# winchester short magnums



## biggamehunter69 (Feb 6, 2006)

can anyone tell me if the short magnums are better than the normal magnums if they are tell me why


----------



## 1shotWonder (Oct 10, 2005)

are they better? thats a matter of opinion. ballisticly speaking in factory loads, they are faster and flatter(although its not a huge difference)


----------



## Burly1 (Sep 20, 2003)

Ballistically, they are all excellent performers. Most show moderate gain, with middleweight bullets, over the speed of their parent cartridges. The most appreciable upside may be that they can be chambered in short action rifles. A short action will provide a less flexible platform, which may aid in the accuracy of a given rifle. Overall rifle weight can also be reduced by using a short action. In a hunting rifle this can be a real plus. Ammo is not widely available, as are the standards (30-06, .270), but if that does not concern you, the downsides of short mags are few indeed.
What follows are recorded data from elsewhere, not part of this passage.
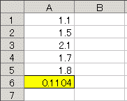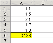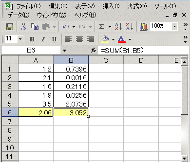 次のように,変数x1,x2,x3,・・・,x5 の値がセルA1〜A5に入力されているとき,![]() これら5つの変数の変動は, (1) A6 に平均値を求める:=AVERAGE(A1:A5) (2) B1に=(A1-$A$6)^2と書き込むみ,B5までコピー貼り付け (3) B6に=SUM(B1:B5) ・・・これが変動 |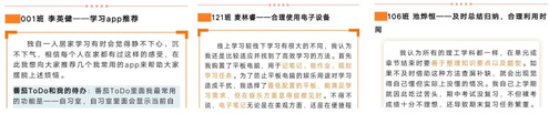 此外,我们也看到一些同学的行动榜样展示,李英健、池烨恒、麦林睿、潘开江等同学分享了自己的学习生活、课余生活、体育生活的好习惯、好作法、好风貌,同学们都可以去看一看,对比一下自己是否也做到了,当然我们还有很多同学做的也非常好,我这里面讲的只是其中的一些代表。如果我们的一些同学还没有形成很好的行为习惯,希望能够借这些榜样的力量好好分析一下原因,改进自己、完善自己,让优秀的追求成为一种内在的需求。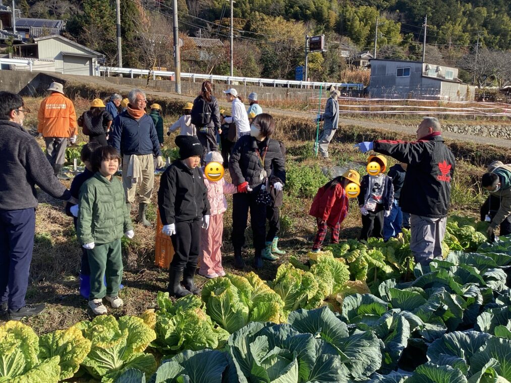 16日、低学年の5・6組児童が、井手町まちづくりセンター椿坂で、冬野菜の収穫体験をしました。種まきのときは、学校行事と重なり参加できませんでしたが、多賀小学校の児童が、井手やまぶき支援学校の児童の分も一緒にまいてくれていました。大きな白菜の収穫はカマを使うため、椿坂の方にお世話になりました。顔よりも大きな白菜を持たせてもらい、大満足な表情でした。白菜収穫の後は、キャベツの収穫も行いました。多賀小学校の児童とペアになり、力を合わせて大きなキャベツを収穫することができました。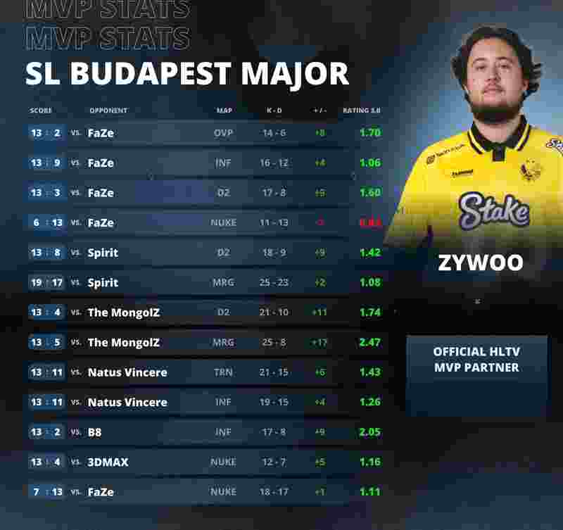 在布达佩斯Major赛事期间,ZywOo带领队伍出战了13张地图,其中仅在总决赛对阵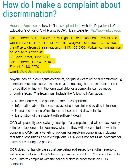 - If you still get no timely (3 days) or viable response from the SDUSD, use the following instructions from the Legal Services for Children website and talk to the San Francisco OCR directly: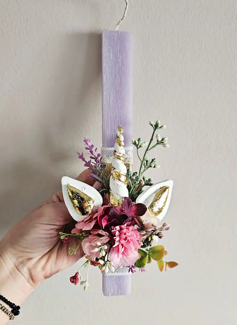 Μια ιδιαίτερη πασχαλινή λαμπάδα διακοσμημένη με σύνθεση εμπνευσμένη από τον μαγικό κόσμο του μονόκερου.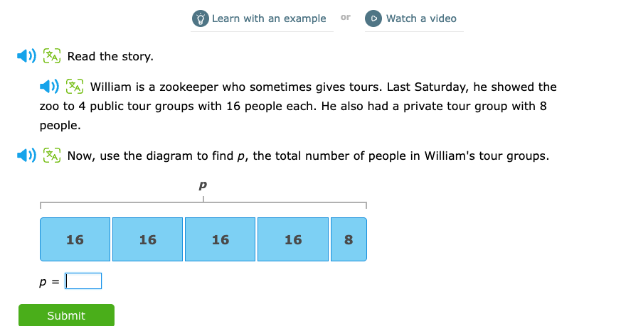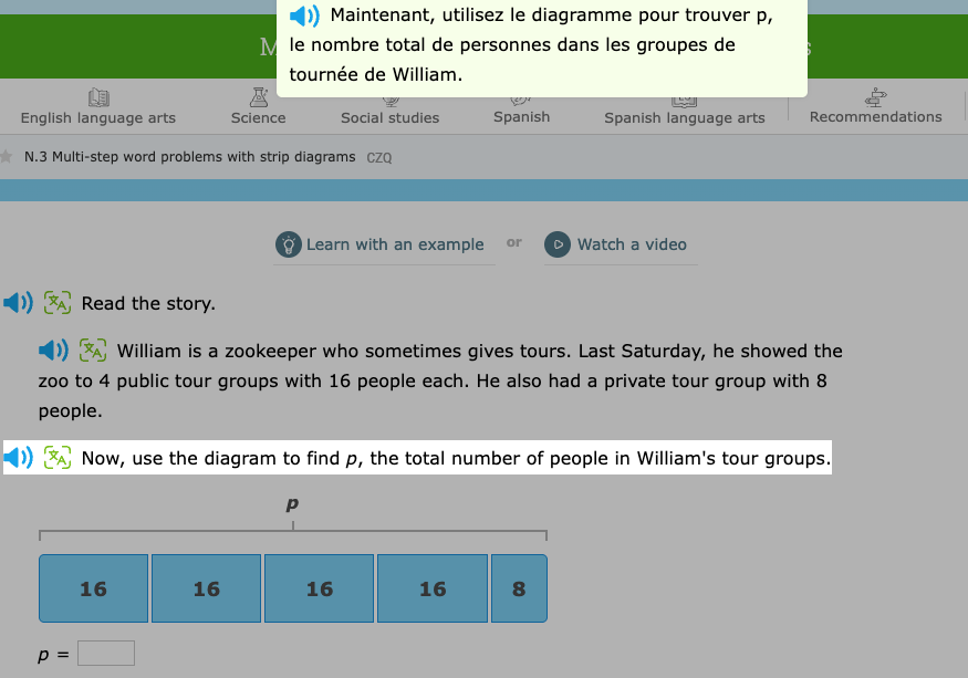 IXL provides Spanish text and audio support for all math skills, helping students make progress in math even if they are still building their English language abilities. This removes barriers to success for Spanish-speakers by allowing them to view and hear math questions in their native language.

Good shooting, Burl


----------



## tgoldade (Jul 28, 2004)

actually if a person took and chronoed the the short mags you would be suprised to find that the all of them are slower than winchester claims. Only the 270 wsm is actually faster than the regular 270. As for accuracy the short mags have the ability to be more accurate because of there more even powder burn and shorter less flexing action. Also less felt recoil. Although total recoil is pretty much the same as there non short counterparts felt recoil is less because (in laymens terms) its spread out over a longer period of time. So a 300 win will be more of a sharp quick recoil where as a 300 wsm will be a hair more drawn out of feel like less.


----------



## Invector (Jan 13, 2006)

It all depends on prefs and cal type. For example .270 wsm up to 500 yeards just a little out does the .270 mag. You may want to look on the winchester web sight and look at the info they give on the shells. I do know someone who has a .300wm and a .300 wsm and actually thinks the sm has more recoil. I know I have been looking at alot of cals trying to find a gun and have found that the .243 wssm is impressive for how small it is.


----------



## 1shotWonder (Oct 10, 2005)

every short mag I have shot (.270 and .300) has more recoil than their long actioned brothers. no matter what you do to them they still cant beat the WBY mags :beer:


----------



## southdakbearfan (Oct 11, 2004)

It totally depends on the caliber of short mag you are talking about. The 25 WSSM is a waste of time in my opinion, and does not ballistically equal the 25-06 if you reload. Its about the exact duplicate of the 257 ackley improved, actually a bit slower. the 270 WSM is about the duplicate of the 270 Weatherby, within 50 fps anyway. The same goes for the 300 wsm.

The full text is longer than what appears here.